Colorectal cancer (CRC) is the third most common cause of cancer diagnosed in the United States and the second leading cause of cancer-related death among both genders. Notably, CRC is the leading cause of cancer in younger men less than 50 years old. Colonoscopy is considered the gold standard for the early diagnosis of CRC. Skills vary significantly among endoscopists, and a high miss rate is reported. Automated polyp segmentation can reduce the missed rates, and timely treatment is possible in the early stage. To address this challenge, we introduce \textit{\textbf{\ac{FANetv2}}}, an advanced encoder-decoder network designed to accurately segment polyps from colonoscopy images. Leveraging an initial input mask generated by Otsu thresholding, FANetv2 iteratively refines its binary segmentation masks through a novel feedback attention mechanism informed by the mask predictions of previous epochs. Additionally, it employs a text-guided approach that integrates essential information about the number (one or many) and size (small, medium, large) of polyps to further enhance its feature representation capabilities. This dual-task approach facilitates accurate polyp segmentation and aids in the auxiliary classification of polyp attributes, significantly boosting the model's performance. Our comprehensive evaluations on the publicly available BKAI-IGH and CVC-ClinicDB datasets demonstrate the superior performance of FANetv2, evidenced by high dice similarity coefficients (DSC) of 0.9186 and 0.9481, along with low Hausdorff distances of 2.83 and 3.19, respectively. The source code for FANetv2 is available at https://github.com/xxxxx/FANetv2.
Paper Structure (16 sections, 1 equation, 2 figures, 3 tables)

This paper contains 16 sections, 1 equation, 2 figures, 3 tables.

Figures (2)

  • Figure 1: Overview of the FANetv2 architecture. FANetv2 takes two inputs: a polyp image and an initial input mask generated from Otsu thresholding. The method is designed to perform two key tasks: an auxiliary polyp attribute classification and the polyp segmentation. The input image is initially fed to the encoder, which forwards its output to the Feature Enhancement Block, whose output is used for polyp attribute classification and the rest of the network for polyp segmentation. An innovative aspect of FANetv2 is that it uses an initial input mask and the polyp attributes to generate a unified feature representation, which is then passed to the decoder to predict the final segmentation mask.

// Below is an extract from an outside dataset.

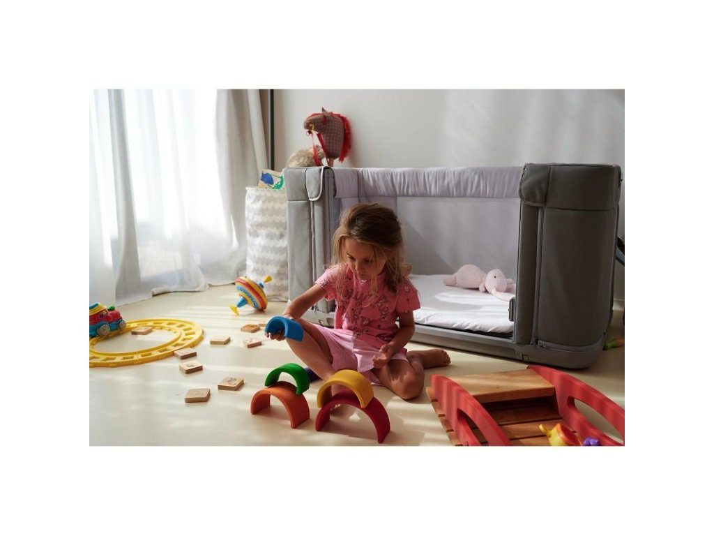 - A lábak és az oldalfal egyszerű eltávolításával egy földre helyezhető kiságyat kap, amelybe a kisgyermekek maguk mászhatnak be és ki, ezzel támogatva önállóságukat
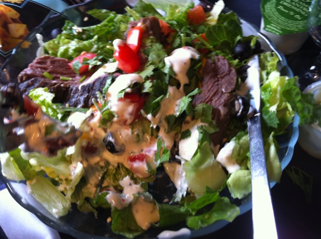 This was a huge chicken/cheese/roasted pepper sandwich on some special bread. It was fantastic, but then so was Gail’s Fajita Salad:

It is to be noted that FANetv2 has two key mechanisms: a feedback attention mechanism that leverages input mask from the previous epoch to guide the proposed network to refine segmentation and a text-guided mechanism that incorporates crucial information about the polyp, such as the number and size of polyps present within an image. These components work together to enhance the feature representation, thus improving the overall performance of the proposed FANetv2.
  • Figure 2: Qualitative results comparison on BKAI-IGH lan2021neounet and CVC-ClinicDB bernal2015wm. The heatmap shows the FANetv2's precision in accurately predicting polyps of various sizes and shapes.